Which brings me to Ne’ila. The service that happens in the twilight, as the boundaries of light and dark, holy and mundane, human and angel collapse. During Ne’ila we are nearing the end of Yom Kippur, the day on which we become like angels, relieved of the obligation to eat, drink or engage in other worldly pleasures. It is during this service that we feel the full transformational power of the day of Yom Kippur, we can touch a sense of freedom that is unique to this moment. It is an intensely collective experience.

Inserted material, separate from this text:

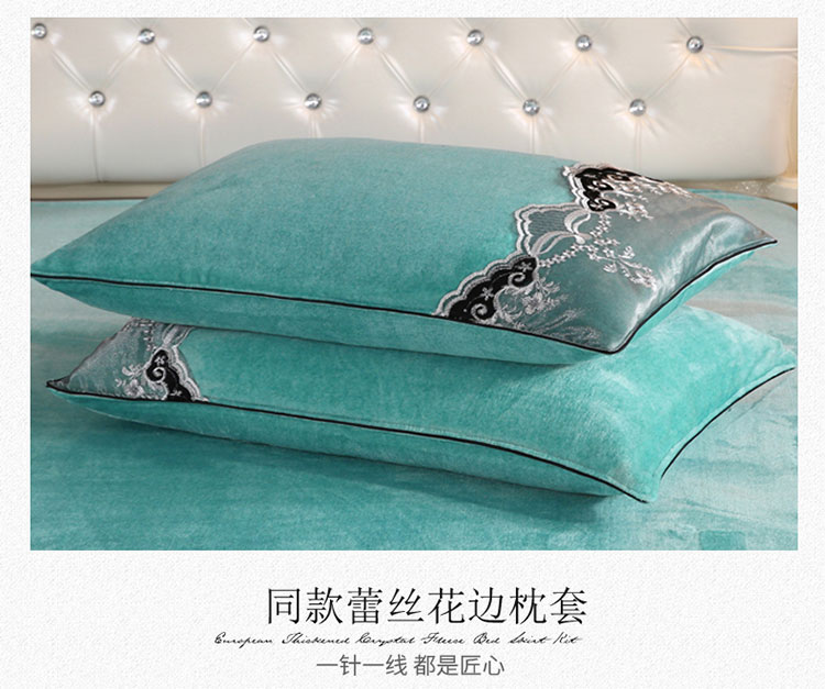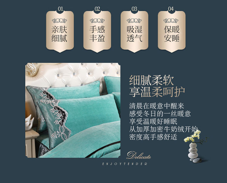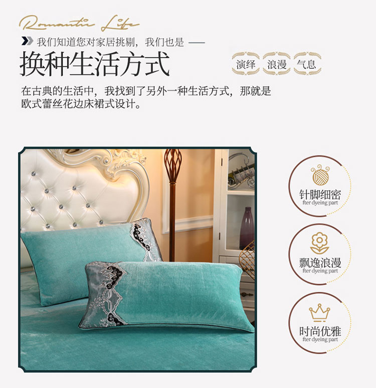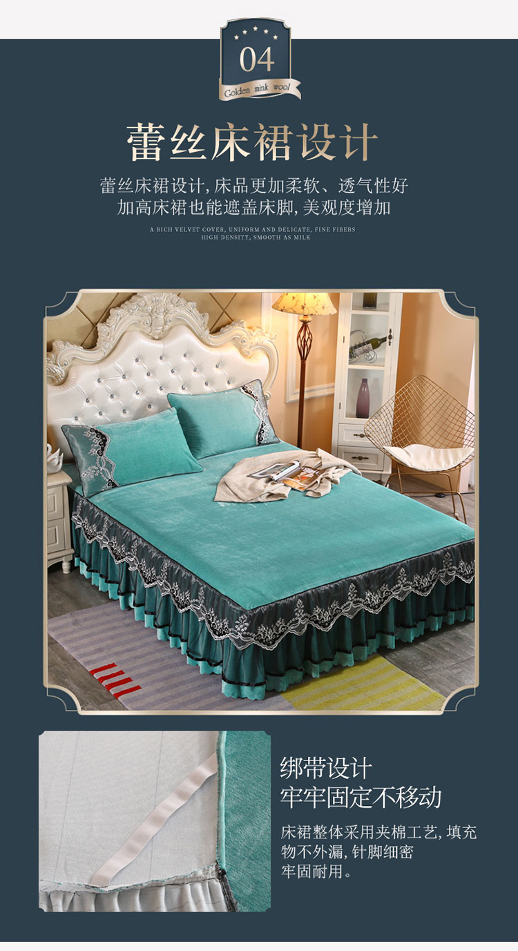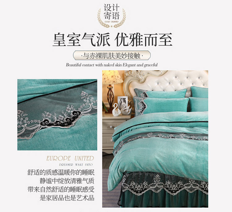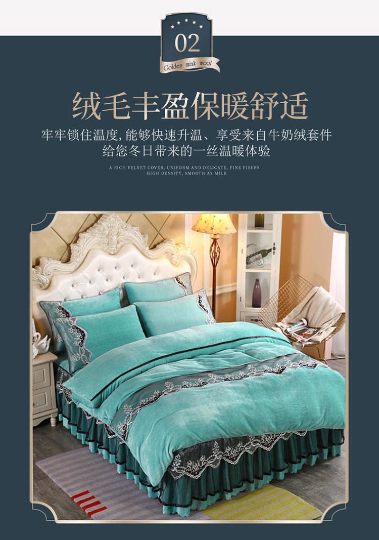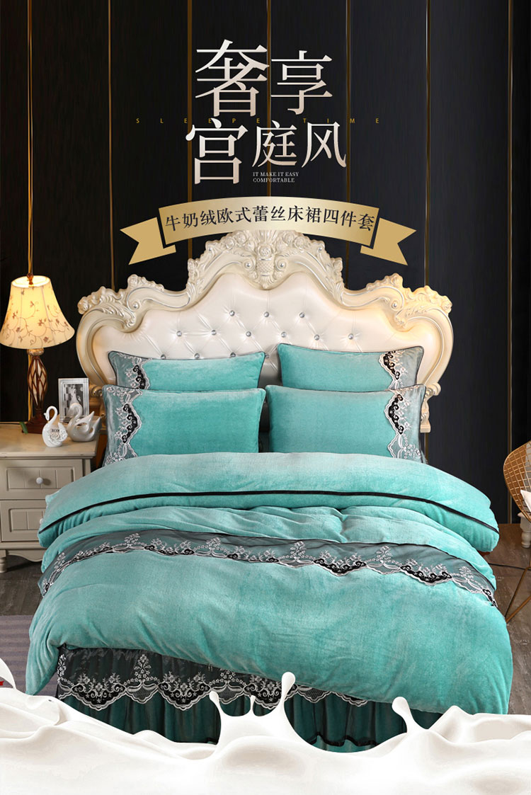情恒家纺 2020新款牛奶绒床裙款四件套 孔雀绿

During Ne’ila we lean in to one another as we beat our chests for the last time and call out the collective names of the sins for which we repent. We spread our wings and fly together in ecstatic song. The idea of doing Ne’ila in isolation seems impossible, yet, this year we are engaged in another kind of collective experience. This thought comforts me. I was inspired by the words of author Elizabeth Gilbert who said, “Our spiritual practice is no longer practice, we are living through times when we need to spend the spiritual capital that we have been saving up.” Every Ne’ila that has come before this one has filled us up with the resources necessary to be in this moment. We have been flexing and building our spiritual muscle to hold us in good stead for precisely these challenging times. The work is done, now we just need to be present and take one step at a time.

One of the iconic images of the Ne’ila service is the image of a gate. The service is known as the “Closing of the gates”. This refers to the gates of heaven which have been open to receive our prayers and our teshuvah over the past weeks. We adopt a sense of urgency as we feel that this is our final chance to pour out our hearts before the Divine.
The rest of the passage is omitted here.